Хархалуп не дослушал дружеских наставлений и неожиданно проговорил:
- Сегодня у меня вроде маленького юбилея - к пятидесятому вылету готовлюсь, а этот неповорота-ковыряха,- он сердито посмотрел на Городецкого,- мне только нервы портит.
- ...Вот и говорю тебе, - не слушая, ворчал Городецкий,- от курева синяки уже под глазами.
- Отцепись, репей!
- Я вот и спрашиваю - какой репей к душе твоей прицепился? - вылезая из кабины, ворчал техник. - В бой лететь с ясной головой надо; на одну силу, паря, полагаться нельзя.
Хархалуп взял флягу, нацедил стакан и поднес ко рту. Пить ему не хотелось, он скривил лицо, будто глотал отраву. Наши взгляды встретились. И тут глаза его улыбнулись, словно говоря: "Ничего, все пройдет. Это для успокоения". Но я понял - ему трудно сейчас сосредоточиться на чем-нибудь одном. Хархалуп крякнул, вытер губы тыльной стороной ладони, взглянул на техника:
- Да, па-ря, - Хархалуп выговорил это слово, как Городецкий, - войну выиграет не тот, кто на одну силу надеется, а кто умом, духом побогаче. Бьют нас сегодня, а все равно сдюжим. Верно, Грицко? - и, не дав мне ничего сказать, как-то особенно тепло улыбнулся Пушкареву.

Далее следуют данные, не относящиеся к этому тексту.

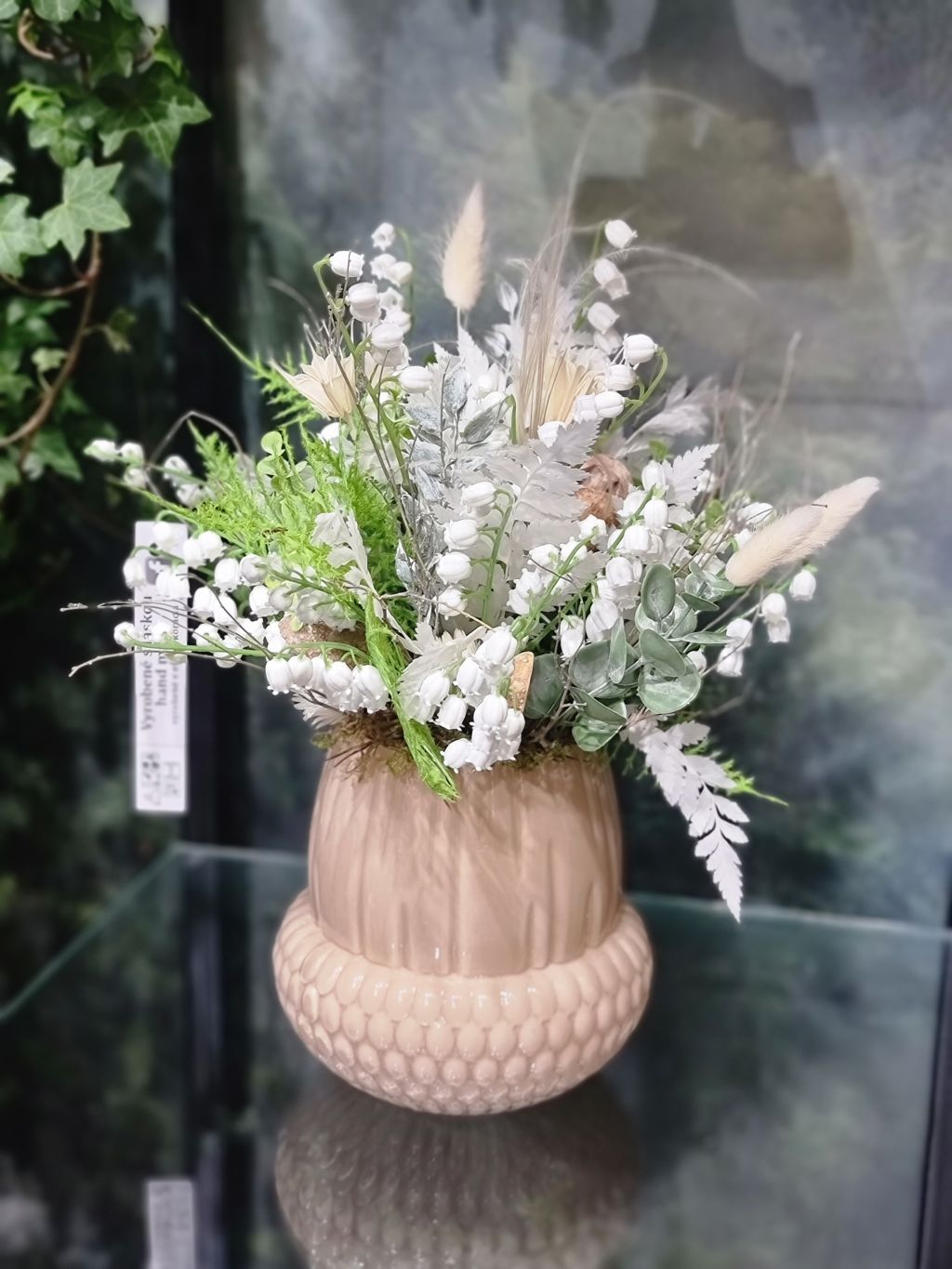 Naaranžovali sme pre Vás konvalinky v sklenenej nádobe . Aranžmán je trváci. Farba bielo-béžová, výška 30cm

- Беспокоится, говоришь, обо мне Ханифа? Всегда такая была. Женщине, говорит, больше дано, больше на ее плечах лежит забот и ответственности.
- Замечательная она у тебя. Помнишь, избрали тебя членом городской избирательной комиссии?
- Еще бы! Первые выборы в Советы Молдавии! Она ведь тогда Володю ждала последний месяц. Выпроваживала на избирательный участок и наказывала: "Не забывай, Сема, для нас с тобой это праздник особый, двойной. Ты же на этой земле родился".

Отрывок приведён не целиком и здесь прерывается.